“This mournable body” by Tsitsi Dangarembga: more ebbing than flowing

Thirty-something Zimbabwean Tambudzai is desperate to obtain a job in Harare which will enable her to leave the hostel where she is technically too old to stay. The reader gradually gleans details of her backstory: born in an impoverished village, gaining a good education with the help of an uncle has given her high aspirations, but these have been dashed by a combination of bad luck, a tendency to mental illness (involving a recurring hyena and ants), negative self-talk and low self esteem.

Unlike some reviewers, I was not put off by the author’s decision to write the entire novel in the second person “you”, justified on the grounds, “that was the only way I could access the subject matter in a way that I felt made sense……I needed distance and I imagined the reader would to”. Neither was I deterred unduly by Tambudzai’s frankly unlikeable and irritating personality, as she shamelessly sponges off others while criticising them, lies without blinking to impress or manipulate them, and continually observes them with often acute accuracy but an empathy bypass.

So why did I almost give up on page 25 and only plough on to give the benefit of the doubt to a book I began out of curiosity because it was on the Man Booker shortlist?

I found some scenes exaggerated to the point of absurdity, alternating with tedious descriptions dwelling too long on mundane detail.

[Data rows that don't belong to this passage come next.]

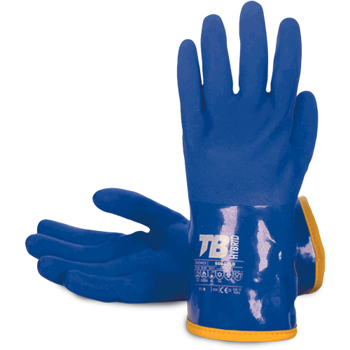 • modrá PVC trojitě máčená rukavice • žlutá akrylová podšívka • tloušťka: 1,5 mm • celková délka: 30 cm
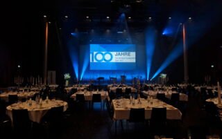 Der Campussaal in Brugg-Windisch bot am Donnerstagabend, 31. August 2017, den festlichen Rahmen für die stimmungsvolle Jubiläumsfeier mit viel Prominenz aus Wirtschaft und Politik. Marie Louise Werth führte charmant durch den Abend.
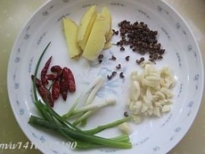 姜切片,蒜头切碎,葱白切下,其余切葱花。
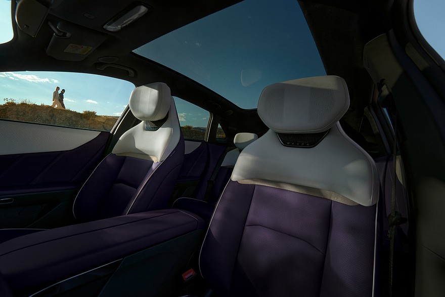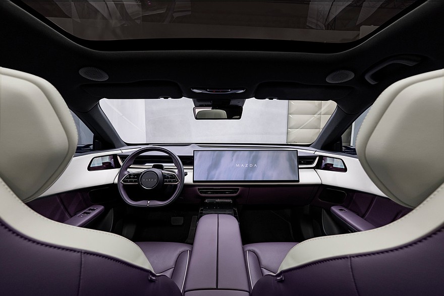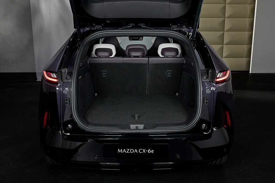 Габариты у версий для Китая и Старого Света одинаковые. Длина Mazda CX-6e равна 4850 мм, ширина – 1935 мм, высота – 1620 мм, колесная база – 2902 мм. Для новинки предусмотрены 19- или 21-дюймовые диски. Паспортный дорожный просвет CX-6e – 158 мм. Объем багажника составляет 468 литров, со сложенным вторым рядом кресел – 1434 литра (для EZ-60 заявлены другие показатели, но разница может объясняться другой методикой измерения).
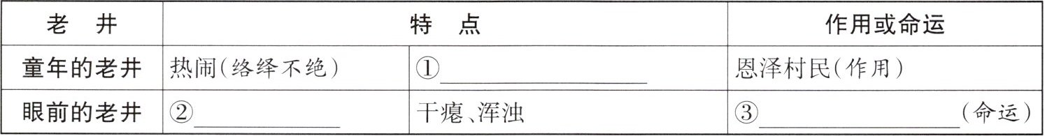 |童年的老井|热闹(络绎不绝)|①______|恩泽村民(作用)|

Was the tendency to render some points unclear deliberate, or due to a lack of editing? It appears I would have understood more of the allusions if I had read the previous novels about Tambudzai, “Nervous Conditions” and “The Book of Not” but there is no explanation in the edition I read that this is the third part of a trilogy, which ends so abruptly that a fourth book seems on the cards.

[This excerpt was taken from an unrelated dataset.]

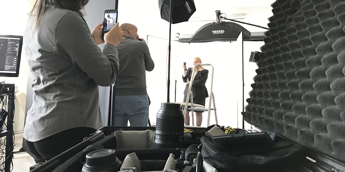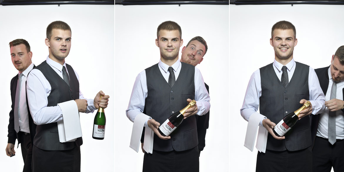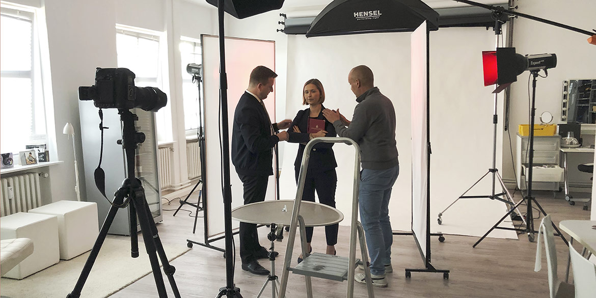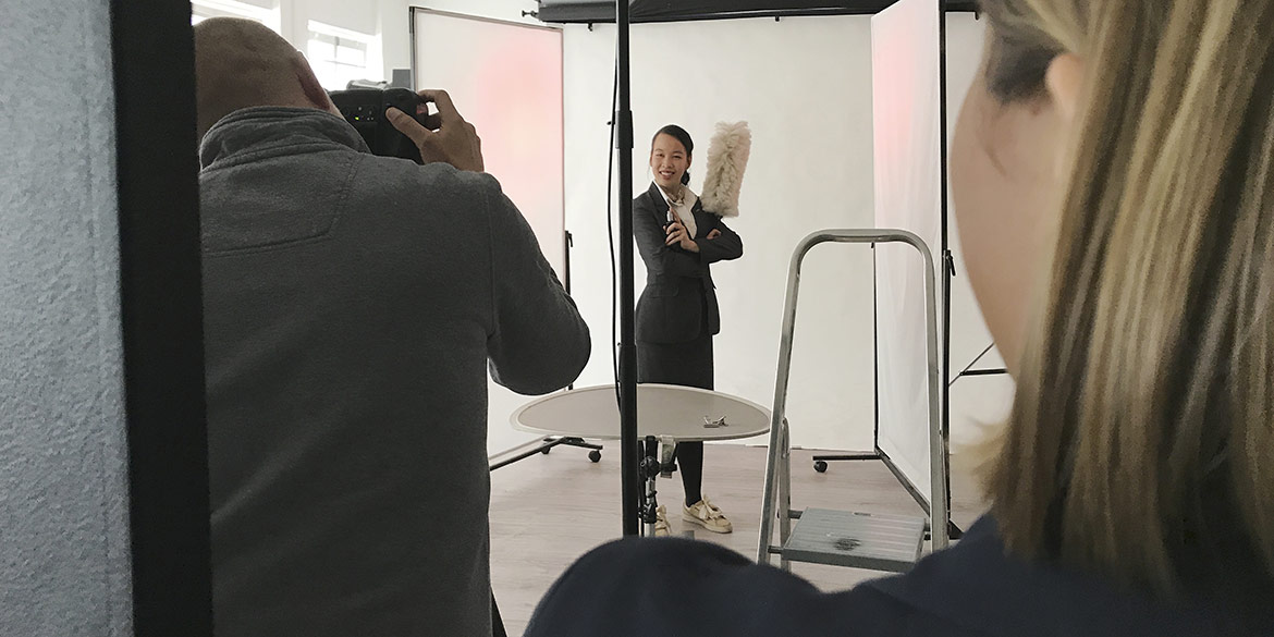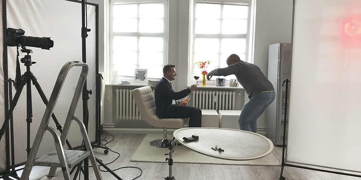 Gut gestärkt konnte nun das Shooting beginnen. Wir starteten mit dem Koch, der zum Glück auch etwas überpünktlich im Studio eintraf (dadurch wurde das zeitlich straffe Programm leicht entzerrt). Weiter ging es mit Doorman, Housekeeping, Service, Rezeption, Ausbildung, Duales Studium und zu guter Letzt kam noch die Verwaltung.

I wondered whether the author had deliberately used a laboured, wooden style to create a distinctive voice for Tambudzai, as one who is desperately trying to conform and succeed in a second language and culture to which she does not feel a true sense of belonging. More positively, the Zimbabwean turn of phrase adds authenticity to the dialogue, as in the wry menaces of the menfolk idling outside when Tambudzai turns up intending to apologise for her most appalling outburst.

This is a very uneven novel, essentially a framework for a chain of incidents which provide a fragmented but wide-ranging and sadly bleak view of Zimbabwe: the enduring rural poverty and ethical dilemmas of exploiting it to encourage “eco-tourism”; the superstition, crude sexism and corruption persisting in Harare beneath a thin veneer of the worst aspects of Western “civilisation”; the tough women freedom fighters despised as whores for returning from Mozambique with fatherless children; the menacing presence of war veterans; simmering resentment against white farmers still retaining land, and suspicion of mixing – “White people are a problem”, Tambudzai’s mother warns,”You can only work with them if you know them”.

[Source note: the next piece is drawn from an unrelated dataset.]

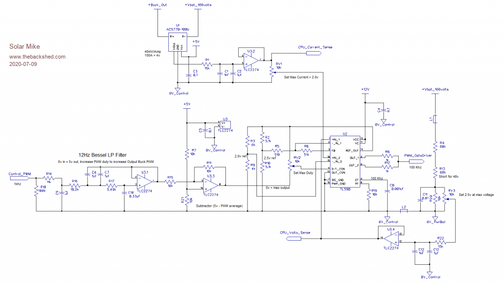 Seeing as MicroMetals can't be bothered to reply and tell me where I can purchase their cores from, will come up with an alternative solution for use with the generic controller. Having a high frequency PWM drive to the buck inverter makes things like finding a suitable inductor core easier; smaller cores are more readily available online and being lighter, cost less for postage. Have decided to use a pwm power supply chip to generate the PWM at 100Khz and maintain a fixed output voltage. The TL494 family of chips have a dead time voltage control input that allows external control of the chips PWM duty cycle. The CPU only needs to have a DAC output that can be connected to the chip to vary its output. I have put this schematic together that uses a 1Khz 10 bit pwm control signal to vary the duty cycle and thus output voltage of the PWM controller, for this have used the TL598, which has totem pole drive outputs, otherwise near identical to the TL494. Control PWM is passed through a bessel filter to produce an average DC out, 0 duty cycle will produce 5 volts out, as control duty cycle input is increased, the output will move closer to 0vdc; connecting this voltage to the DT control input allows the CPU have direct control of the psu chips output drive to the buck mosfets. That's the theory anyway, will make a small pcb to host the extra components to test. Cheers Mike Edited 2020-07-09 16:11 by Solar Mike |

There are a few very well observed scenes, such as the relationship between Tambudzai’s cousin Nyasha and her white German husband, their relative poverty turning Tambudzai’s envy into contempt (while living off them) – in her eyes it is inexcusable to be poor and white. Other examples are when the security guard Silence attempts to assert what little authority he possesses to prevent his wife, Nyasha’s maid-of-all-work, from accompanying the family to the cinema on her afternoon off, or when Tambudzai negotiates with her mother and the village chairwoman to persuade them to assist in turning their village into a tourist attraction. The author is also good at capturing children’s behaviour. Tambudzai’s exultant drive in the hard-won status symbol of a company car back to her village is a triumph of comic parody. Perhaps this book needs a second reading, if one has the patience, to appreciate it fully: towards the end, in a fit of nostalgia, Tambudzai comes across a poem called “Mantra”, written as an adolescent which she now dismisses, “impatient with the cryptic phrases” but it is perhaps a subtle way of showing how adversity has shrivelled her creativity.

There is just one point, where Tambudzai notes the natural beauty of the landscape on a northern farm, at which one glimpses what Zimbabwe might be.